In today’s rapidly changing world, the association between economic struggles and the quality of education is becoming ever more prominent, especially in the United States.
According to a New York Times article by Claire Cain Miller, those who are in the families of the top 20% earners in the United States are seven times more likely to score at least 1300 on the SAT. The gap was even bigger for the richest one percent, who are 13 times more likely.
This is a pressing issue. If it continues, it will only further widen the already broad gap in wages between higher and lower-level earners in the United States.
A large part of the reason for this great disparity is simply the amount of money that parents can invest in their children’s education. Low-income families are less likely to afford tutors or college advisors. Thus, their children may perform worse on the SAT or get rejected from higher-ranked colleges compared to children from high-income families.
The quality of education is also impacted depending on whether a student goes to an expensive, private or public school. According to Forbes “Although private school students made up only 8.5% of American students in 9-12th grades in 2019, they accounted for almost 40% of the incoming freshmen classes of 2025 at Harvard and Yale, and over 40% of the class of 2026 at Dartmouth.
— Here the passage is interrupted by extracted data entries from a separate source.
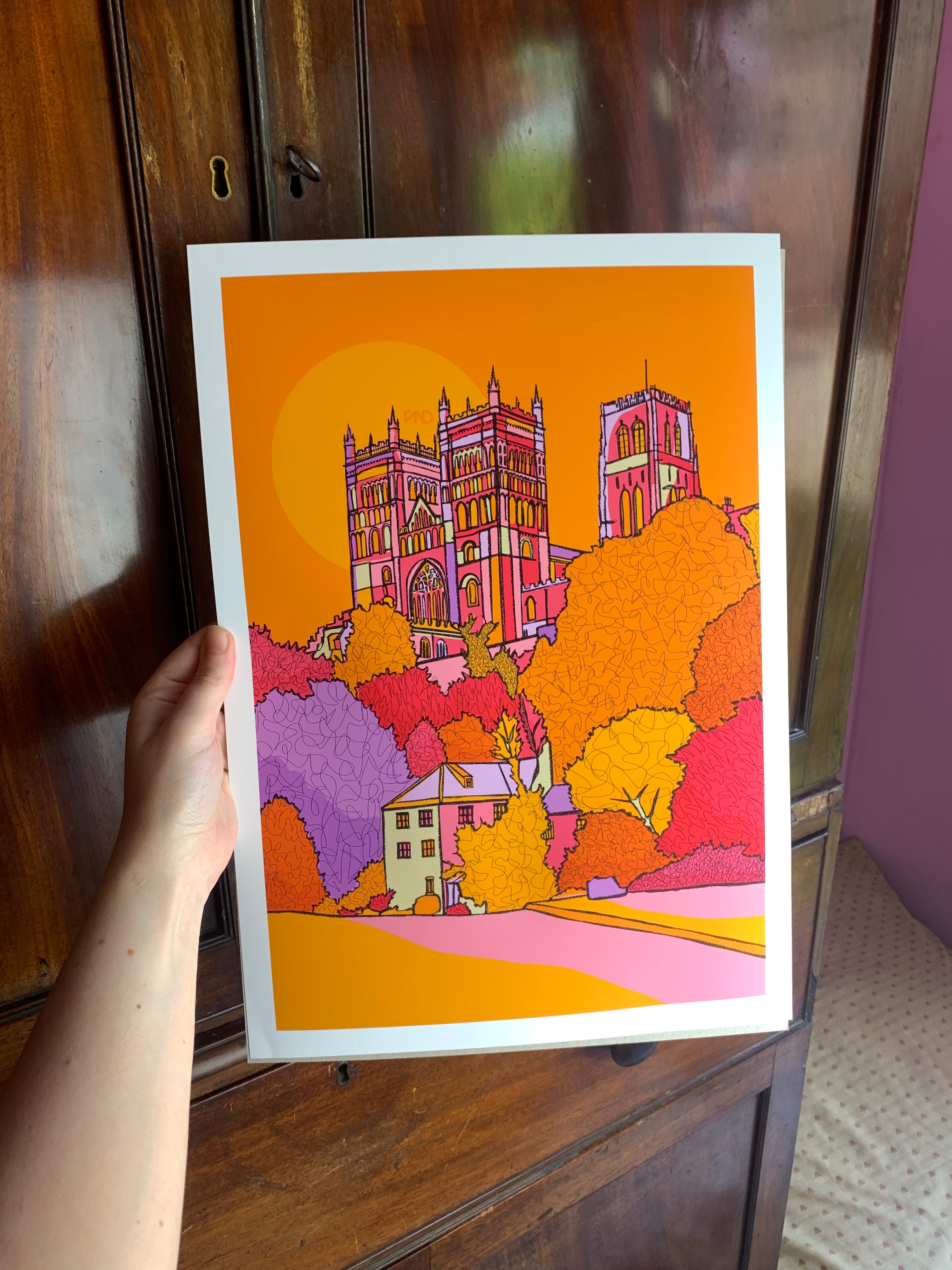 A vibrant art print of Durham illustrated in bright pinks, oranges, purples, and yellows.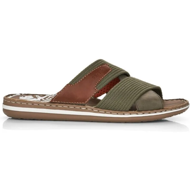 Artikel 21066 in kleur 54-Olive-Amaretto is een prachtige groene slipper, voor heren, van het merk Rieker. De zool is van rubber. De voering is textiel. De voetwijdte is G. Rieker is opgericht in 1874 in zuid Duitsland en was gelijk al een zeer succesvol merk. Inmiddels is het merk uitgegroeid tot een enorme schoenenfabrikant met het hoofdkantoor in Zwitserland. De schoenen staan bekend om het lichte gewicht, de flexibiliteit, de optimale schokdemping en hebben voldoende ruimte voor de tenen. Met de ruime collectie van schoenen en tassen speelt Rieker snel in op de mode trends van dit moment.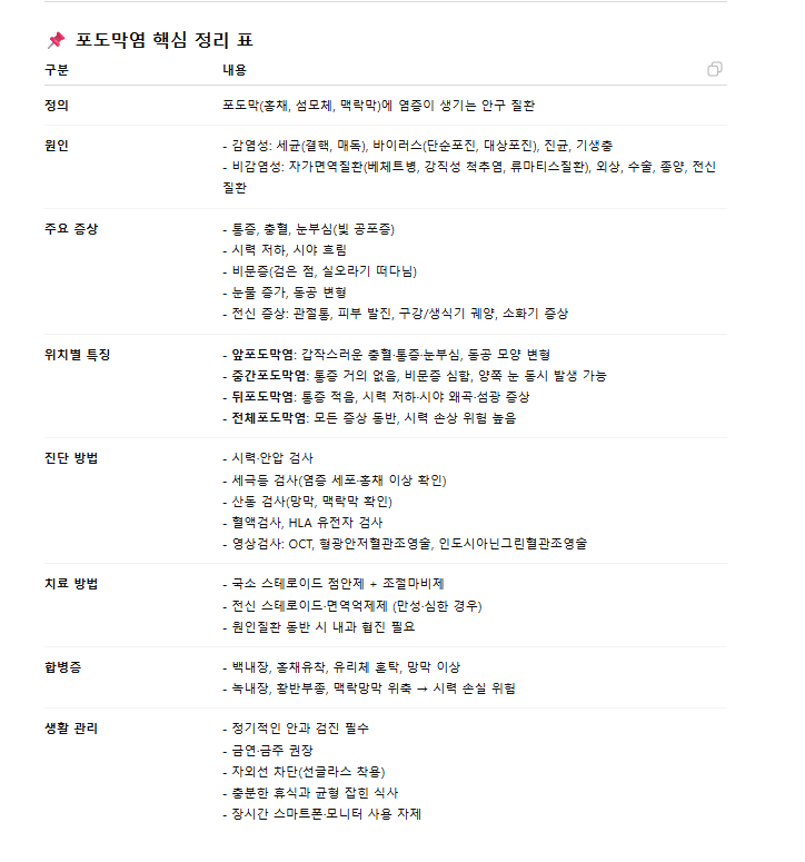 전체포도막염은 포도막 전체에 염증이 생기는 것으로, 앞포도막염과 뒤포도막염의 증상이 모두 나타나며 심각한 시력 저하로 이어질 수 있습니다.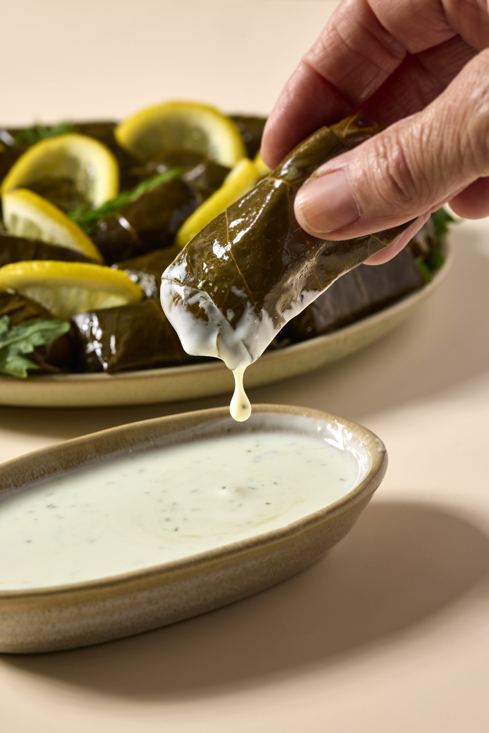 24 עלי גפן במילוי אורז מתובל, בליווי מטבל צזיקי רענן ולימונים טריים

Again, this is largely based on the income of a student’s family, because lower income families usually don’t have the option to send their kids to private schools.
Can my financial position affect my college application?
Financial prosperity can affect a student’s application in certain cases at need-aware schools, where economic status is considered.
Adam Gimple, director of college counseling, said, “When a student is a borderline candidate at a need-aware school, they will — in certain circumstances — say, ‘If we admit this student, what is the likelihood that we are going to be able to provide them with enough financial support?’”
How does legacy affect the class-education correlation?
Family legacy often results in a continuous loop of sustaining wealth and college acceptance. According to Cornell Daily News, “Students who are children of alumni are nearly four times as likely to be admitted to elite colleges as students who have identical test scores but are not children of alumni.”
This is troubling because alumni of elite colleges are expected to earn roughly $160,000 a year by mid-career compared to the national average of roughly $60,000. This creates a double advantage for those who are born into legacy families — both resources and acceptance rate — further increasing the bias against low-income individuals and reinforcing the likelihood that children from high-income families will remain wealthy.
How will Donald Trump affect this as President?
As part of his plan for the presidency, Trump has proposed eliminating the Department of Education (DoE) entirely and redirecting funding for high-poverty schools and financial aid for college students. Eliminating the DoE would greatly impact the resources available to lower-income families and drastically change the overall landscape of what it means to be a low-income student applying for a top university.
How can the system change?
In order to shrink the educational gap between the rich and the poor, we must consider the systems that are in play, including elite universities and government administration. One solution is not only becoming test-optional, which many colleges already are, but not accepting standardized test scores at all. This would level the playing field so that upper-class students can’t get ahead in an area where they consistently outperform lower-class students. As for government administration, they must ensure that schools that rely on DoE funds are not left behind. This could be solved by preserving the DoE or at least creating another government entity to fulfill its role.